When drilling a horizontal well, there are two preferred completion options. First, the horizontal section can be completed open-hole or with slotted/preperforated liner. In these completions effective stimulation along the horizontal wellbore is almost impossible. The second completion system, cased/perforated liner, requires cementing the production liner and running multiple isolation systems to effectively treat different sections of the wellbore. Multiple coiled tubing trips and multiple rigup and rig-down of the stimulation equipment is required. These multi-stage horizontal completions take weeks to complete at high costs and elevated risks. Ultimately, the high completion costs or the lack of production due to ineffective stimulation make many reservoirs uneconomical to exploit.
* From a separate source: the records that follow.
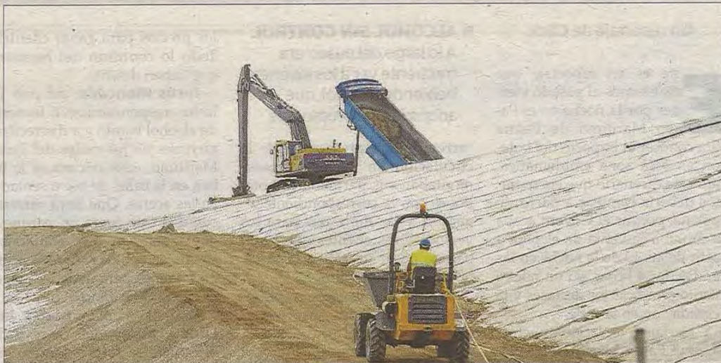
Solar donde se lleva a cabo el tratamiento de escorias en Son Reus.

La Conselleria de Medio Ambiente del Govern tiene conocimiento del caso de posible contaminación del acuífero de Son Reus desde 2008, y en 2009 ya alertó a los vecinos de dos pozos cercanos al vertedero de que no utilizaran el agua.
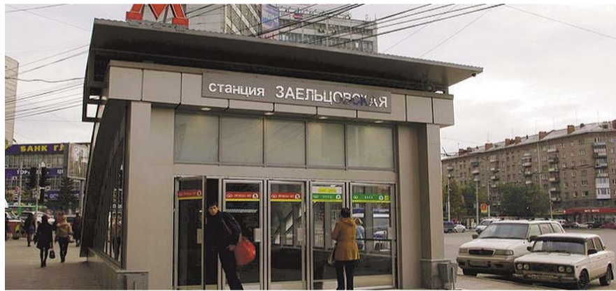
НА ФОТО: СТАНЦИЯ МЕТРО СОХРАНИЛА ПРЕЖНЕЕ НАЗВАНИЕ
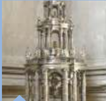
MONSTRANZ VON ARFE Juan de Arfe, 18. Jh. Hauptsakristei
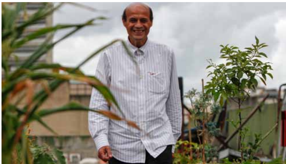
Valenzuela estará siempre en la defensa de los derechos culturales y el respeto a los patrimonios inmateriales.

que entre 20 o 24 años celebraría el velorio de la cruz y lo cumplió como tal. Así como la Cruz de Mayo, están otras manifestaciones culturales, el baile, el joropo llanero, tuyero y oriental, la poesía popular, la décima, entre otros. Todas estas manifestaciones se mantienen independientemente de que haya pandemia o que el Estado lo tome en cuenta de una manera precisa y articulada en los sectores populares. Entonces, ahí está la gran esperanza de nosotros, es una esperanza y la posibilidad de dar respuesta, porque nuestra cultura realmente se encuentra en resistencia, una cultura que coexiste en un mundo industrial masivo con toda una penetración propagandística de malos hábitos de consumo. Pero la gente al ejercer la cultura popular lo hace desde sus hogares o trabajo, al hacer una arepa, al conocer el folclor y dar respuesta a la tradición y a la historia, y eso permite la existencia de lo que se ha discutido actualmente sobre la cultura, ya que es perenne en nosotros como identidad y diversidad cultural.
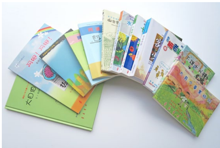
筆者熱衷客語文學創作，童話、散文、小說及新詩等皆有涉獵，圖為筆者部分出版著作。

典，「萬丈高樓愛從底起」，這兜恁責恁大本个客話字典，絕對毋係一年兩年就有辦法完成个，其實係母語被禁个年代，早就從台灣南南北北，當多毋甘願看等客話沒落个有心人士手上，毋畏辛苦、毋驚無市場，只為著對母語傳承責任盡一份義務，就一個一個以個人之力恬恬仔完成矣。
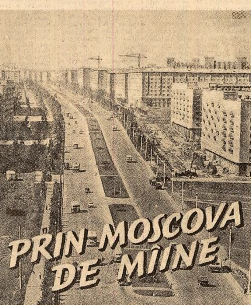
PRIN MOSCOVA DE MIINE

Noile raioane care vor lua ființă pe acest imens teritoriu vor fi construite după ca totul alte principii ca în trecut. Casele nu vor mai fi înșiruite cu fațadele lor de-a lungul unor străzi înguste și zgometoase, ci vor fi amplasate în așa fel încît să aibă cit mai mult soare, aer, verdețură... Urmează să fie reconstruit și centrul orașului, raioanele lui vechi, astfel ca pînă la sfîrșitul septenarului să nu mai existe în oraș nici una din casele vechi, necorespunzătoare cerințelor actuale, care au mai răstat pe alocuri. Vor fi păstrate numai
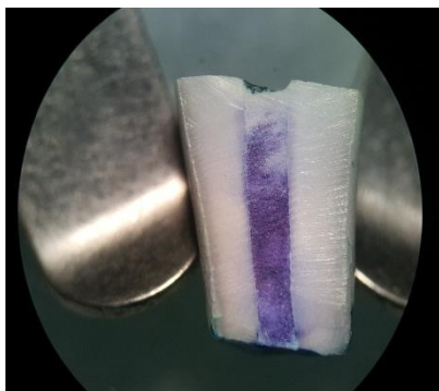
شکل ۲: بررسی نشست رنگ در نمونه‌های گروه ۱ با استریومیکروسکوپ با بزرگنمایی ۱۵×

برای بررسی سختی از تست میکروهاردنس با دستگاه ویکرز استفاده شد. میانگین سختی در گروه ۱، ۵۴/۲۲ و در گروه ۲، ۴۱/۲۰ گزارش شد. میزان اختلاف سختی دو گروه از نظر آماری معنادار بود ( P < 0/001 ). حداکثر و حداقل میزان سختی در گروه ۱ به ترتیب، ۷۳/۲۰ و ۳۱/۲ و در گروه ۲ به ترتیب، ۵۵/۵۰ و ۲۹/۸ بود (جدول ۱). برای بررسی میزان ریز نشست از روش نفوذ رنگ استفاده شد. میزان نفوذ رنگ بر حسب میلی متر در گروه‌های مختلف ثبت و با یکدیگر مقایسه گردید. نتایج حاصل از تجزیه و تحلیل اطلاعات به دست آمده از این پژوهش نشان می‌دهند که میانگین نمره ریز نشست پس از سه روز در گروه ۱، ۰/۹۷۳۹ میلی متر و در گروه ۲، ۰/۱۳۹۱ میلی متر بود. حداقل میزان نشست رنگ در گروه ۱ و ۲، صفر و حداکثر میزان نشست رنگ در گروه ۱، ۵ میلی متر و در گروه ۲، ۱/۸ میلی متر بود. اختلاف آماری معناداری بین میانگین میزان نفوذ رنگ بعد از ۳ روز در دو گروه دیده شد ( P < 0/05 ). (جدول ۲). در گروه کنترل مثبت رنگ به طور کامل در طول بلوک‌های عاجی نفوذ کرده بود و در گروه کنترل منفی هیچ نفوذ رنگی در بلوک‌ها دیده نشد، که نشانگر صحت روش انجام مطالعه می‌باشد.
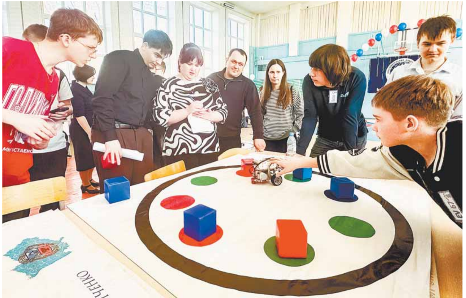
Роботы выполняли разные задания, например, нужно было вытолкнуть кубы из точек.
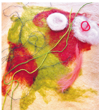
Veidojot filcētu spilvenu, iespējams ļaut vaļu fantāzijai.
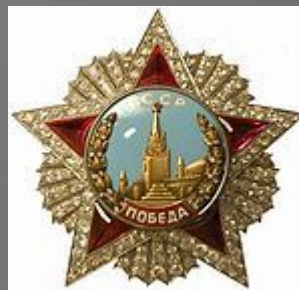
Орден «Победа» ( 2 шт. )
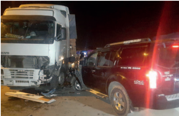
El conductor de la vagoneta invadió carril y chocó con el tractocamión
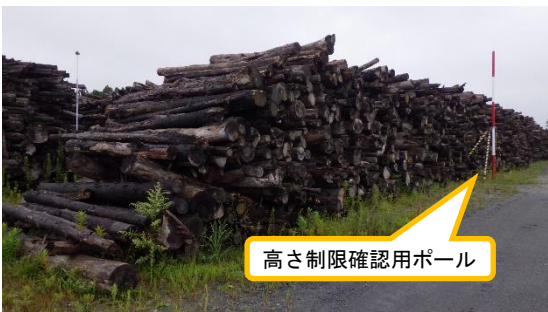
(写真6-1) 伐採木(幹)の保管状況
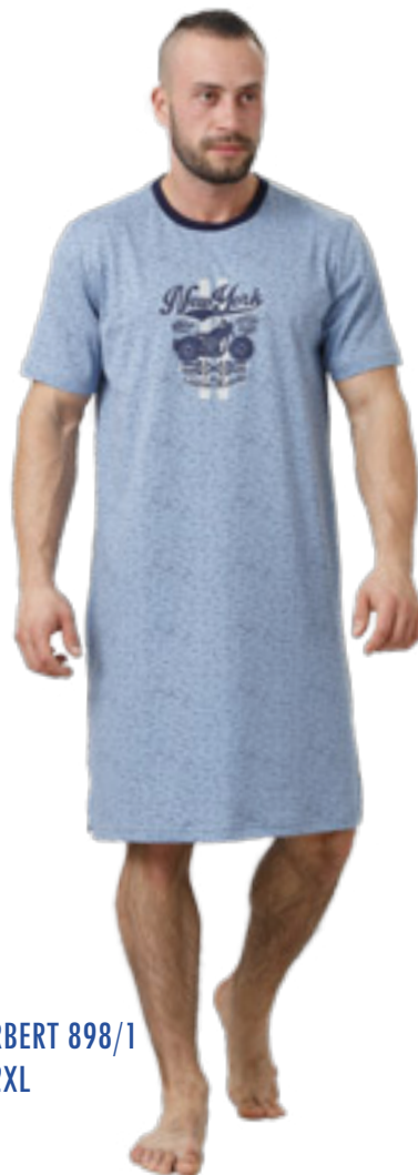
HERBERT 898/1 M-2XL

This paper will discuss the new completion designed specifically for open-hole fracturing of both sandstone and carbonate reservoirs. This innovative, field proven system greatly increases the effectiveness of fracturing operations by segmenting the lateral and producing mechanical isolation points in the wellbore using the high performance open-hole packers. The system allows precision placement of fracturing fluids to maximize post-fracture productivity of the well. The completion system is run as part of an uncemented liner and spaced out based on the required number of stages. Once in place the packers are hydraulically set and fracturing treatments are pumped in separate stages but as a single continuous operation. By eliminating cementing requirements, natural fractures are undamaged and easily stimulated during pumping operations.

Introduction
Over the last two decades many developments have enabled an accelerated growth in horizontal drilling. Current drilling technologies have pioneered these advancements to such an extent that drilling thousands of feet through a thinly bedded hydrocarbon reservoir is not a challenge anymore. While horizontal drilling has progressed over the last decade to become the field development method of choice, in many cases, there have been certain limiting technologies on the completion of horizontal wells that have proven to slow that growth. This is primarily the ability to effectively stimulate or fracture different intervals of the horizontal wellbore, particularly in reservoirs that are not naturally fractured. The use of limited entry and bullheading techniques provides little, if any, benefit compared to vertical wells. Post production analysis on the deliverability
of horizontal wells in reservoirs such as matrix, heterogeneous and non-conventional formations showed a direct correlation to the completion and stimulation methods employed and their shortcomings in horizontal applications. Thus, the additional economics required to drill a horizontal well was not justified by the equal to or slightly better production results compared to vertical wells.